Bullaun stone, Great Island, Co. Wexford
Co. Wexford |
Holy Sites & Wells
A large granite stone with a deliberate hollow worn or worked into its upper surface sits in open ground on Great Island in County Wexford, about a kilometre south of where it spent most of its known existence.
The move happened around 1976, which means the stone now occupies a different landscape entirely from the early medieval enclosure on whose perimeter it once stood. That displacement is quietly unsettling: the object survives, but the relationship between it and its original context has been severed.

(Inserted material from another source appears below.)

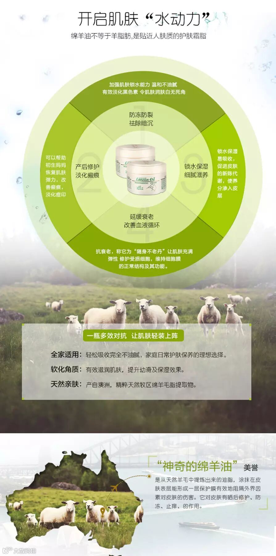 澳大利亚的美利诺绵羊举世闻名,羊毛产品更是满坑满谷。澳大利亚的绵羊油最大的特点就是“滋润但绝不油腻,吸收好,软滑细腻”。绵羊油具有很好的保湿及润肤效果,能有效预防秋冬季皮肤干燥。绵羊油虽是油脂,但一点都没有油腻感。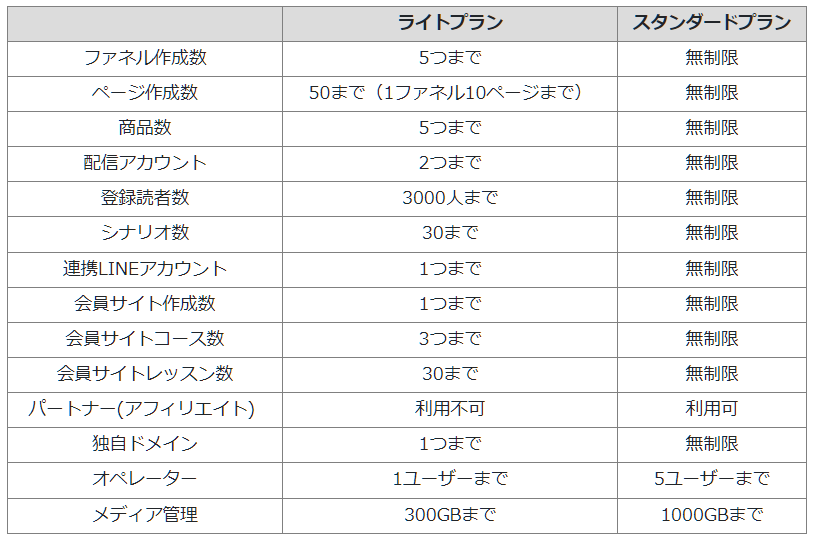 機能は一通りお使いいただくことができます。各機能の容量は大きく制限されますため、お試しや短期間でのご利用に向くプランです。

Bullaun stones are boulders or rock outcrops bearing one or more artificial basins, and they turn up across Ireland in association with early Christian sites, holy wells, and enclosures. Their precise function is debated, but they are generally understood to carry ritual or votive significance, and the water that collects in their basins has long been credited with healing properties. This particular example was recorded by the antiquarian T. J. Westropp in 1918, who noted its dimensions as roughly three feet by two feet, with an oval scoop about twelve inches across. The stone itself is a triangular piece of granite measuring approximately 0.8 metres by 0.7 metres, with an undulating upper surface that rises and falls between 0.28 and 0.52 metres. The single basin, around 0.3 metres in diameter, shifts in depth between 0.16 and 0.23 metres depending on where you measure it against the uneven surface. One detail the stone carries without meaning to is a record of its own history: the upper surface has acquired a grey patina from its years exposed on the bank of the enclosure annexe, while the underside, long buried or sheltered, remains a clean white.